Combines Steep pitch Reg pitch helical setup

calvin

Guest
Forget about the steep pitch if you do lots of corn and especialy if you have a CDF rotor. Having all kinds of trouble wtih steep pitch and CDF. Rotor loss and busted up cobs. Wish i had never put them in. Did not work for me. Was better with stock helicals. Maybe it will work for you.
 

Rolf

Guest
Tom Send me your Email and I will send you what I have a of Steep pitch over Thresher and normal over Sep end. Rolf rshedt "at" Bordernet.com.au
 

Rolf

Guest
Arrr Crap! didn't read your post as good as I should! will send them in the next 24 hours!! Rolf
 

tbran

Guest
leave the first helical on the right as is, but shorten it on the back side so as to install a steep pitch helical in the origional n1 rh position.

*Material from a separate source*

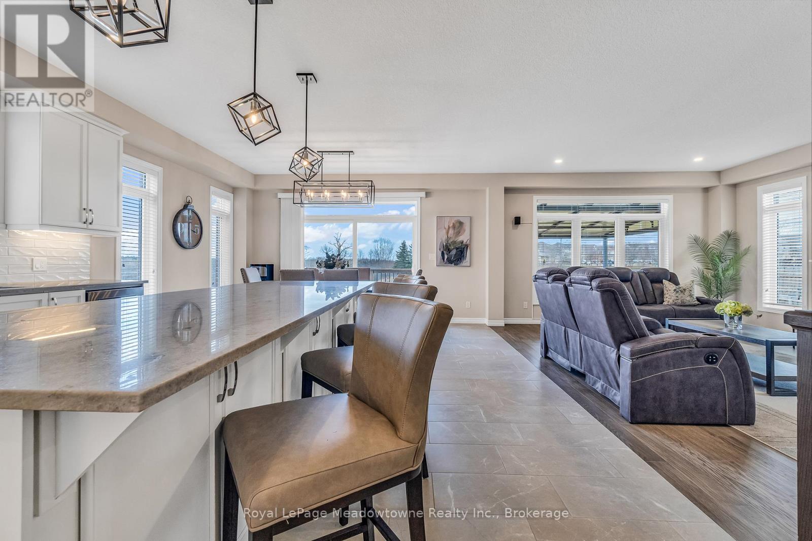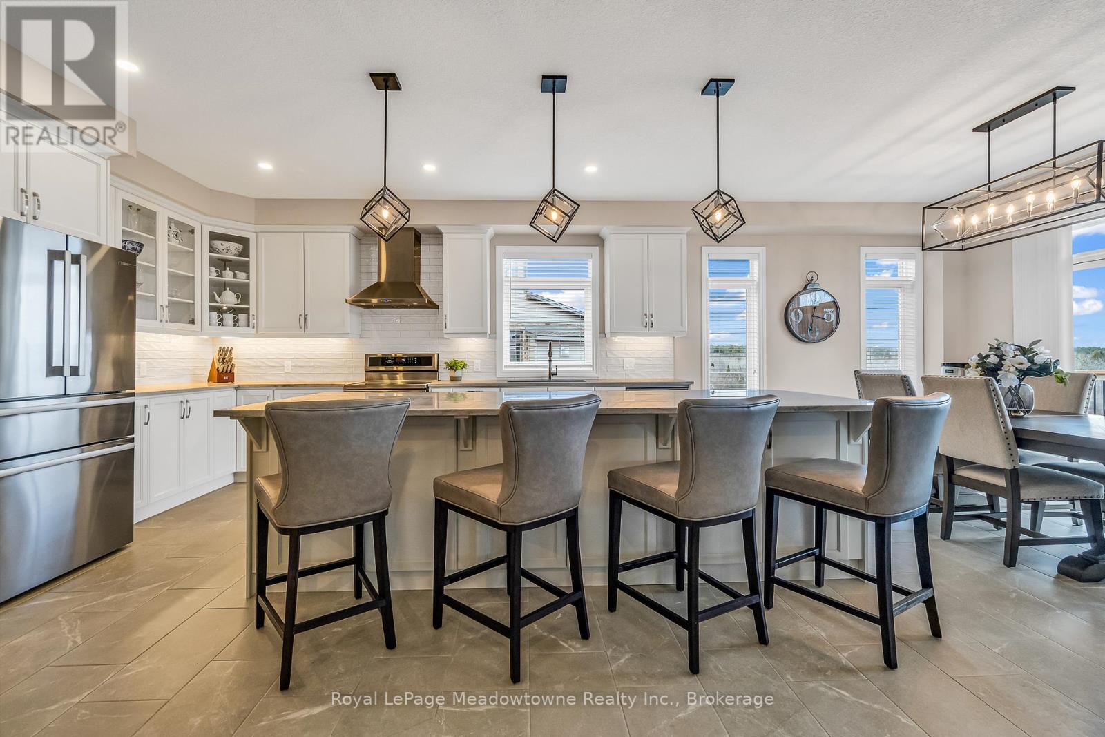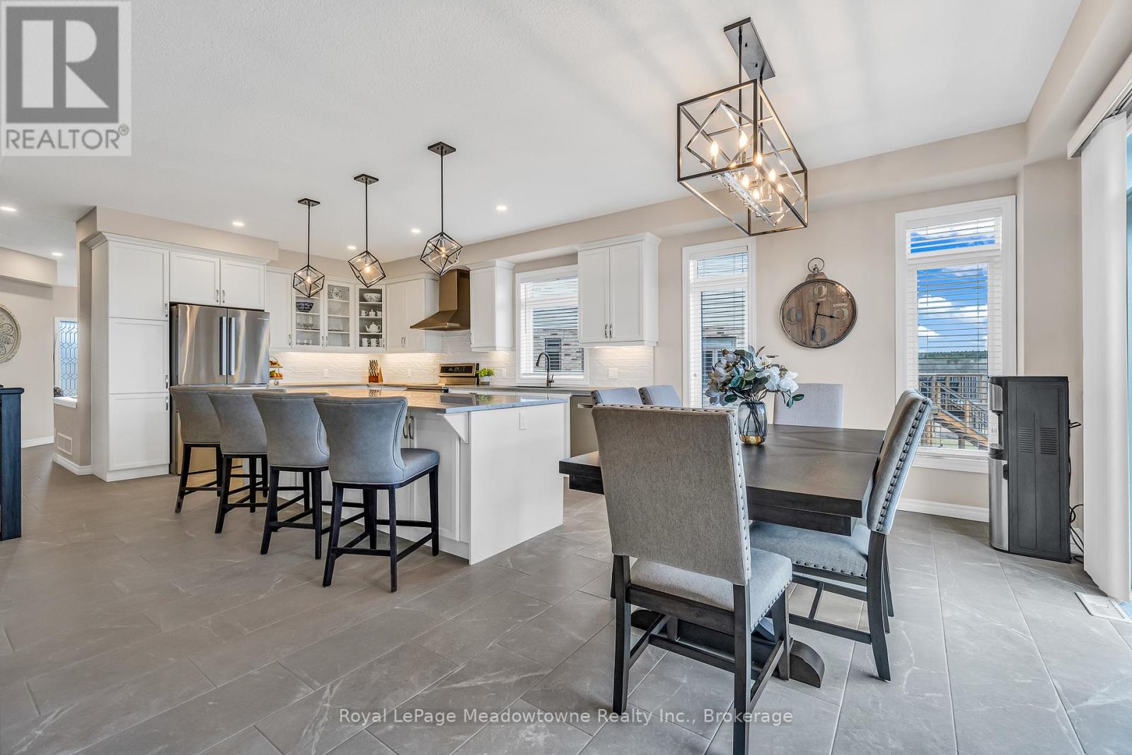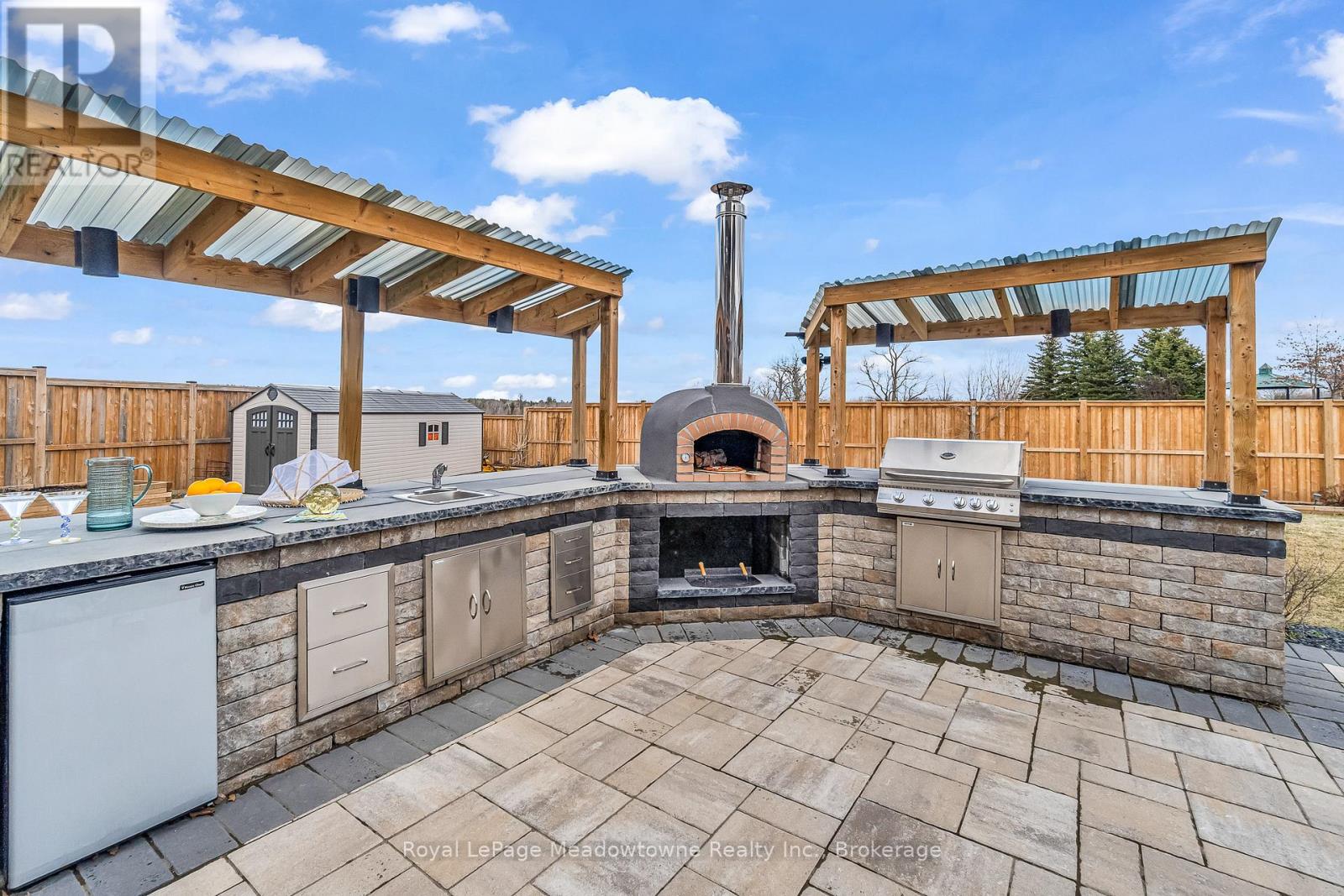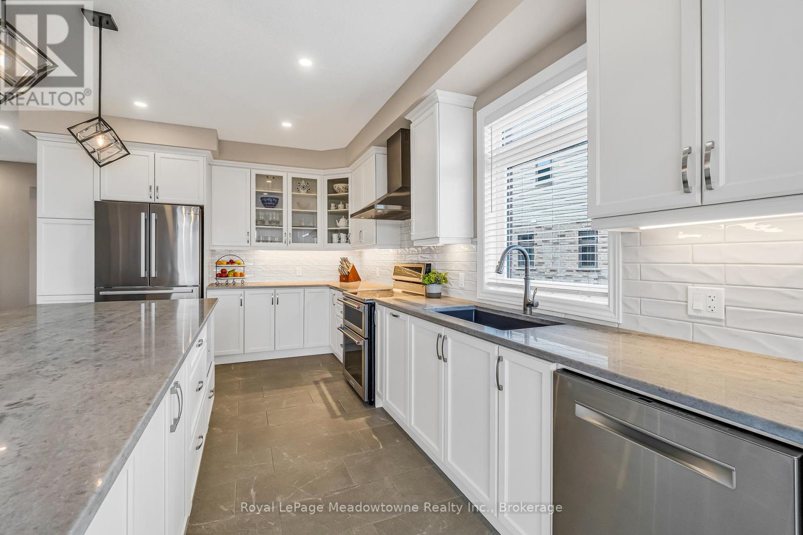 Perched proudly on a premier corner of Norma Crescent, this custom-built Reid's Home is a rare find, blending high-quality construction on an oversized pie-shaped lot that backs onto the lush greenspace & park. The home is designed for those who love to entertain. The main level boasts 9ft ceilings and a spacious 2500+ sq. ft. layout. The gourmet kitchen is a showstopper, featuring: Crisp white cabinetry & subway tile backsplash, premium Bosch S/S appliances & sleek granite counters, massive center island and breakfast bar that seamlessly flows into the family room, anchored by a cozy gas fireplace and views of the forest beyond. Retreat upstairs to a primary suite that feels like a high-end hotel. Enjoy large windows overlooking the trees, a walk-in closet with a laundry chute, and a spa-like ensuite featuring double sinks, a corner jet tub, and a walk-in glass rain shower. Three additional generously sized bedrooms provide plenty of space for family, guests, or a dedicated home office. The finished walk-out basement is the ultimate space. With 9ft ceilings, a full bath, and a separate entrance, it's perfect for a media room, gym, or guest suite. But the real magic happens outdoors. Step out from the dining room onto the 30x10 balcony for panoramic views, or head down to the extensive paver patio. This is no ordinary backyard- it's a culinary oasis featuring: a custom pizza oven and built-in grill station, prep area with sink, beverage fridge & ample storage, a fenced yard with a large powered storage shed. From the heated driveway (no more shoveling), to the quick access to hiking trails and the proximity to Guelph Lake, this home is a haven for nature lovers. Whether you're hosting a summer pizza party or enjoying a quiet morning stroll through the conservation trails, this property offers a level of convenience and sophistication that is hard to match. Don't settle for the ordinary. Come home to quality, nature, and the perfect space to gather. (id:64974)

This will allow the first helical to line up with the helical extention you will put in or is already in. (the triangle piece and short helical installed in the upper lh corner of the infeed area.) Then remove the other non steep pitch helicals on the thresher and add steep pitch ones. Three long and one short will get the job done. Where the steep helicals meet the regular ones is where the cuts will need to be made to allow them to transition. It is just like the old P1 N series with the line up kit. the post below refers to cob break up. That is a possibility. We have found this to be variety related. Some varieties have great yield, but low cob strength. We have run steep pitch in white corn with CDF rotors and got premium, which is hard to do.( have a head to head STS story to tell later) The increase in capacity is mainly in green stem soybeans. We think 10 to 20 % because of reduced 'second pass threshing' which results because the material is moved to the left much quicker. We still run cyl clearace at compressed cob diameter, move the separator grate up 1 to two marks ( this is where we find the cob break up to be with the CDF rotor) to origional clearence of regular rotor. This is the same set up we are using with the Bison rotor one of our customers is using beside the CDF. He likes both. The Bison has much more capacity in green stem beans and wheat. The customer thoght we might have some issues in corn, but we think we have this worked out successfully. The solutuion may have dividends for other rotors as well. More on this later. Dan is working on evaluations.
 

T__langan

Guest
Thanks tbran. I found an old post where you had explained this to someone and tried to explain it to the dealer we're trading with (they are replacing helicals anyhow, so we figured we'd have them set it up the way we wanted),but he seemed a bit confused. Told him I'd try to find a pic somewhere and email it to him so he could see for himself. I know you sent me a pic at one time - that I never seem to get added to the Hyper Mod site - but I can't find it for the life of me. I agree with you about the cob breakup problem. Much more related to hybrid than anything. We've ran into some hybrids that it didn't seem to make any difference what was tried. leave that field, start on the next one and roll out whole cobs. I can't help but think the steep pitch helicals would be more benefitial in these situations than not.
 

tbran

Guest
I try to always state what works for us, and every situation is different. One key to getting cobs out of the bin is screen setting. I posted this before, but run the top screen as close as possible - sq end deep tooth if possible- but on the long shoe machines we are suprised how low we can run the top chaffer, then run the sieve - bottom screen the same or wider, it works in some conditions. We tried to run the lower sieve really tight for years in order to keep the cob out. Found out that when loaded with corn it was blocking off the air to the chaffer. We have customers who have taken the two levers - or added an adjustment lever to control the front set of louvers on the chaffer and made controls for the front louvers and either opened the first 5-7 lovers or closed them with reports of success in either cleaner sample or increased capacity. The drier the corn the more capacity and less cob in general. There also used to be a slotted screeens available for corn on some models and in years gone by - maybe it was Hyper that had these for sale modified to fit the R62'sIJ. These screens resulted in almost seeed cleaner clean crops. We still sell a few bean screens and the results are impessive. However keep in mind, if one has 300 n's of cob_foreign matter in a semi load and is NOT getting doc'd for it - it is money in your pocket.